Your goal: Exact copy, pictures excluded: the lines from the one containing "Original spectrum |" to the end of the listing.

Start of Data shown

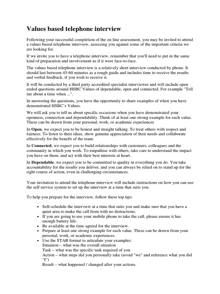 Following your successful completion of the on line assessment, you may be invited to attend a values based telephone interview, assessing you against some of the important criteria we are looking for. If we invite you to have a telephone interview, remember that you'll need to put in the same kind of preparation and involvement as if it were face-to-face. The values based telephone interview is a relatively short interview conducted by phone. It should last between 45-60 minutes as a rough guide and includes time to receive the results and verbal feedback, if you wish to receive it. It will be conducted by a third party accredited specialist interviewer and will include open ended questions around HSBC Values of dependable, open and connected. For example "Tell me about a time when ...". In answering the questions, you have the opportunity to share examples of when you have demonstrated HSBCs Values. We will ask you to tell us about specific occasions when you have demonstrated your openness, connection and dependability. Think of at least one strong example for each value. These can be drawn from your personal, work, or academic experiences In Open, we expect you to be honest and straight talking. To treat others with respect and fairness. To listen to their ideas, show genuine appreciation of their needs and collaborate effectively for the benefit of the team. In Connected, we expect you to build relationships with customers, colleagues and the community in which you work. To empathise with others, take care to understand the impact you have on them, and act with their best interests at heart. In Dependable, we expect you to be committed to quality in everything you do. You take accountability for the results you deliver, and you can always be relied on to stand up for the right course of action, even in challenging circumstances. Your invitation to attend the telephone interview will include instructions on how you can use the self service system to set up the interview at a time that suits you. To help you prepare for the interview, follow these top tips:
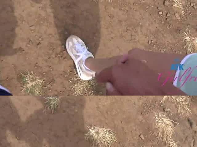 Solo Masturbating Nympho Babe Fingers Pussy On Car Hood
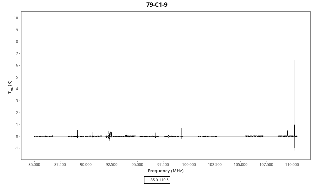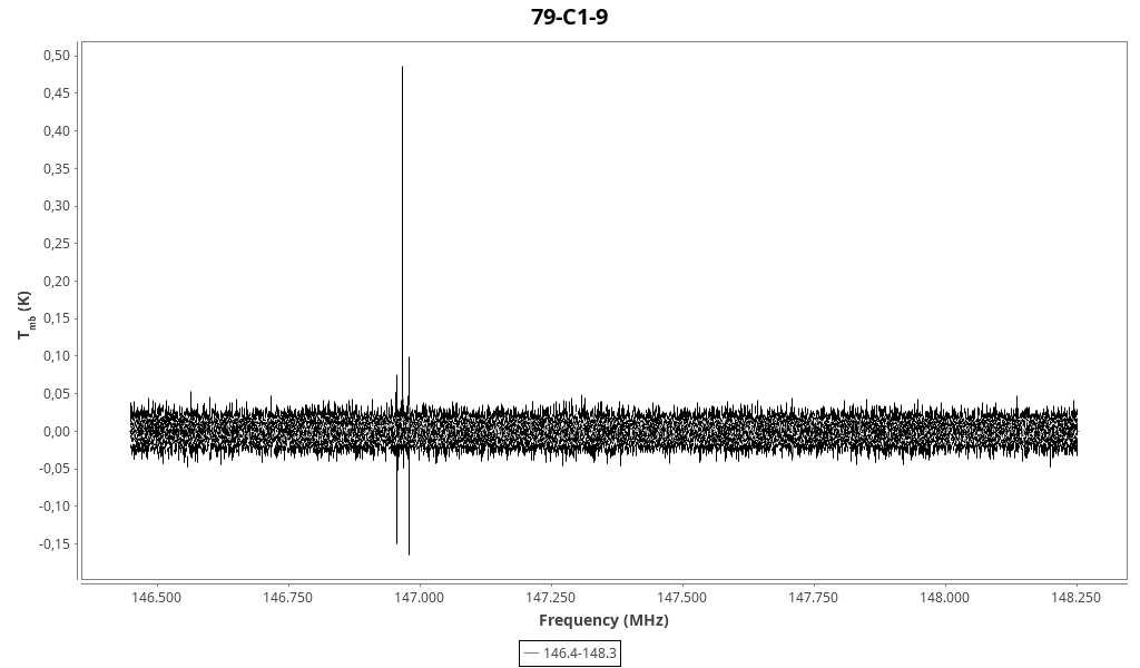 | Tmb (K) | Width (km/s) | I (K km/s) | Vlsr (km/s) | Obs. freq (MHz) | Rest freq (MHz) | S/N ratio | Transition | Reduced spectrum | Original spectrum |
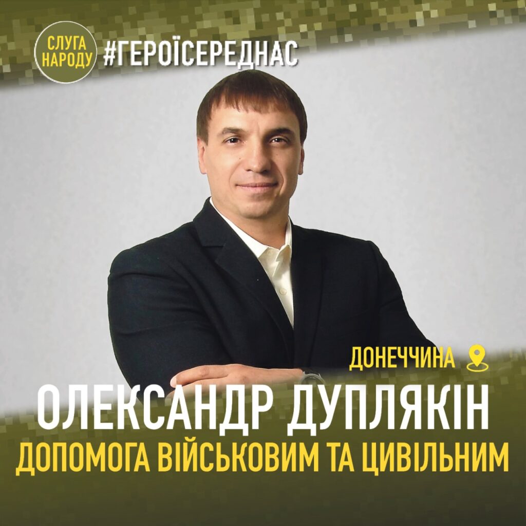 Депутат Краматорської міської ради від партії «Слуга Народу» Олександр Дуплякін з початком повномасштабної війни евакуювався у Київ, де у співпраці з народним депутатом України Володимиром Крейденком ініціював надання допомоги переселенцям, мешканцям прифронтових міст, правоохоронцям та українським захисникам.

End of Data shown

Solution to this exercise:
 | Tmb (K) | Width (km/s) | I (K km/s) | Vlsr (km/s) | Obs. freq (MHz) | Rest freq (MHz) | S/N ratio | Transition | Reduced spectrum | Original spectrum |
 Депутат Краматорської міської ради від партії «Слуга Народу» Олександр Дуплякін з початком повномасштабної війни евакуювався у Київ, де у співпраці з народним депутатом України Володимиром Крейденком ініціював надання допомоги переселенцям, мешканцям прифронтових міст, правоохоронцям та українським захисникам.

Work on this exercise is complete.